Самое свое первое выступление я начал с сеанса гипноза – на это уходило меньше всего сил, а публике нравилось.

Вызвав добровольцев из зала, я внушал им изображать скрипача или пианиста, читать стихи с выражением и прочие "фокусы".

Народу в зале стало интересно, и тогда я перешел к чтению мыслей. Моя ассистентка не слишком хорошо понимала, что ей надо делать, и в основном мило улыбалась.

Номер с чтением мыслей давно уж был мною отработан, и многие приемы проходили чисто механически. Это не значит, конечно, что я выступал по одному и тому же лекалу – схема была одна, а наполнение, так сказать, разное. Невозможно представлять одно и то же в Варшаве, Париже и Бресте.

Люди различных наций думают чуть-чуть иначе, у них другие привычки и табу, свои легенды, понятия и пристрастия. То, что покажется фривольным немцу, у французов не вызовет особой реакции, а немецкая сентиментальность будет раздражать "лягушатников".

В общем, выступление удалось, мне долго аплодировали, а члены группы все допытывались, как же я проделываю все то, что показал на сцене. Я честно признался, что понятия не имею…

17 октября 1940 года, Брест

Год я здесь, а оттуда – никаких вестей.
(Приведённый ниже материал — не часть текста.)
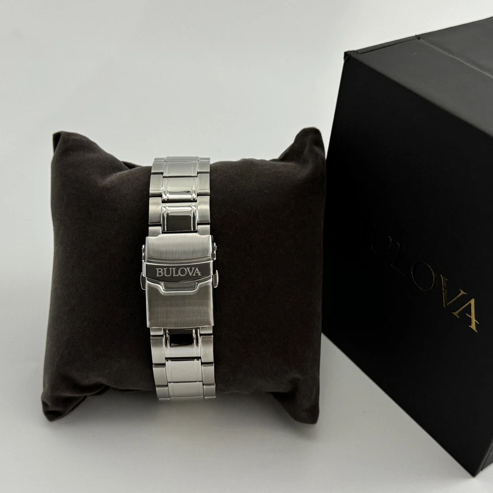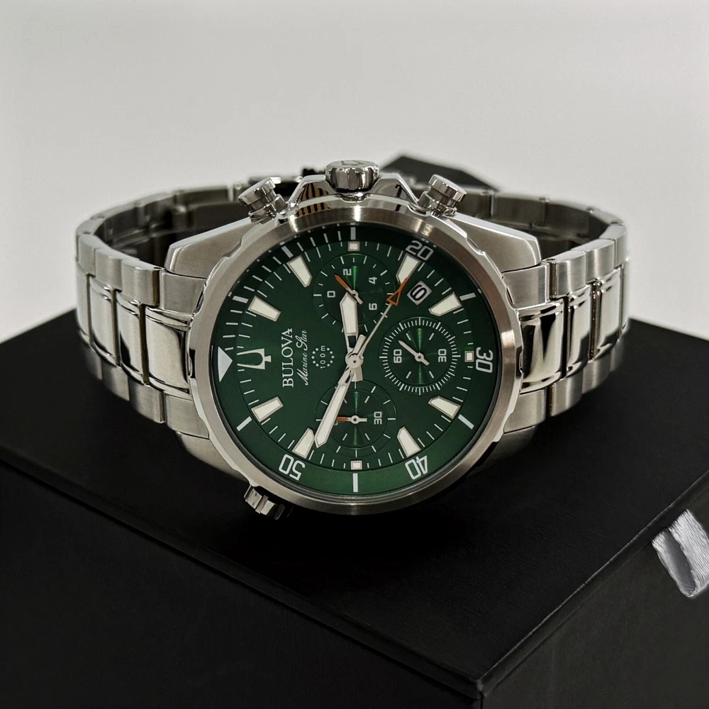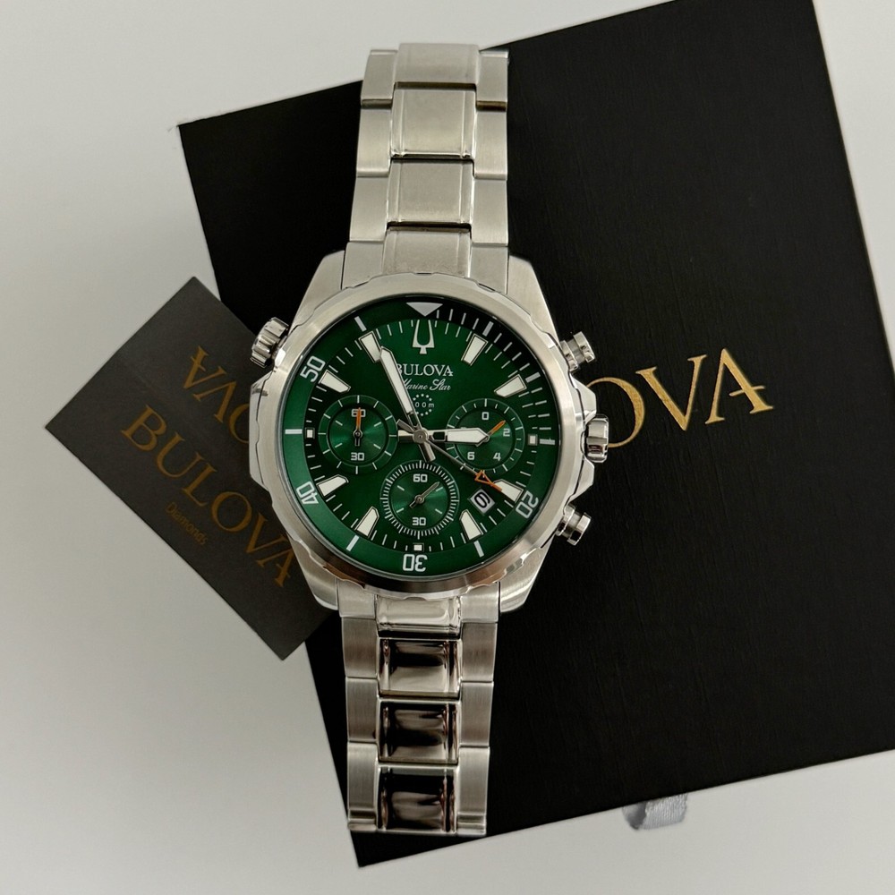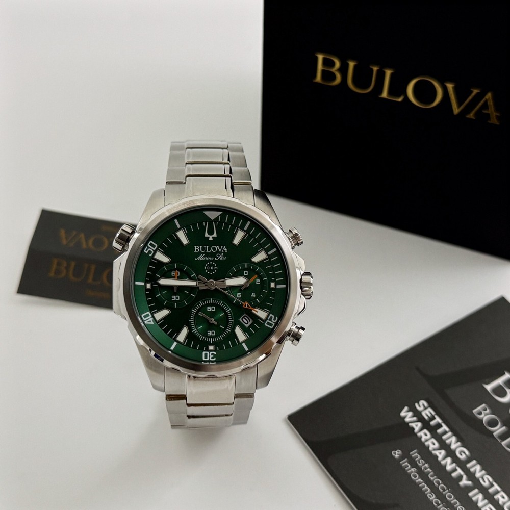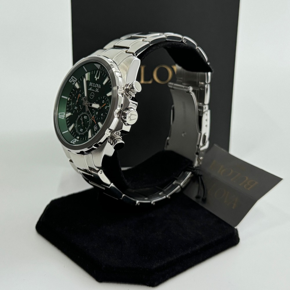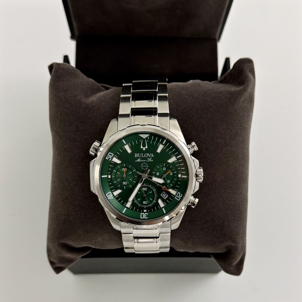 Bulova Classic Green Marine Star Stainless Steel 96B396 Watch (43MM) From the Marine Star collection brings the energy and ruggedness of the ocean to those who want to explore the sea. Six-Hand Chronograph Function with Calendar, The silver-tone stainless steel case features a balance of brushed and polished facets, a flat mineral crystal, and a pull-out crown achieving 100m water resistance. The dial is a refreshing burst of green with white accents, inspired by vintage Bulova timepieces, featuring silver-tone polished stainless steel hands and applied markers, all of which have been treated with luminescent material for low-light legibility. Brand new with box We use USPS or UPS with tracking number Technology Quartz Battery powered movement. Quartz crystal regulates time with an accuracy of 15 seconds per month. Case Width (MM) 43 Lug Width (MM) 22 Dial Green Silver Tone Luminous Hands and Markers Clasp Safety Folding Clasp with Push Buttons Crystal Mineral Crystal Shock and Shatter Resistant Thanks for shopping at our store! If you are happy with your purchase- we would appreciate a 5-star rating and positive feedback! We answer messages daily, but please allow at least 12 hours for a reply- sometimes it takes us awhile to catch up on after hour messages If you have a shipping related question/request, please put it in the message box at checkout- Once the order is completed, the confirmed address on file cannot be changed.

Из газет и разговоров я узнаю, что в Польше ныне устанавливается "новый порядок", да и самого названия "Польша" более не существует – Гитлер повелел называть эту страну "генерал-губернаторством".

И что случилось с моими родными, я не знаю до сих пор.

Иногда просто раздражение берет: к чему мне это дурацкое умение провидеть будущее, если для самого себя я мало что могу предсказать?

С отцом я уже как бы попрощался: по всей видимости, он умер.

Я почувствовал это – словно оборвалось что-то во мне, перестало быть. Наверное, нас с ним связывало куда больше, чем память, какая-то незримая ниточка протягивалась-таки между нами.

И вот она лопнула…

А братья мои? Дядька Эфраим? Племянники и племянницы? Где они? Что с ними?

Вот пишу это – и будто выговариваюсь перед кем-то. Перед бумагой! А кому еще откроешься? "Кому повем печаль мою"?

Не знаю, для чего другие люди пишут дневники. Иные имеют своею целью запечатлеть ускользающие из памяти подробности, чтобы много позже освежить воспоминания, сравнивая свою жизнь, свою избранную в ней позицию со своим прошлым "Я".

Чего прибавилось с той поры, когда ты был молод и горяч? Опыта? Страданий? Болей? А убавилось чего?

Безрассудности? Максимализма, когда мир вокруг или черен, или бел, без полутонов?

А я, наверное, просто советуюсь с бумагой, обращаясь к себе теперешнему и к тому Велвелу, что состарится.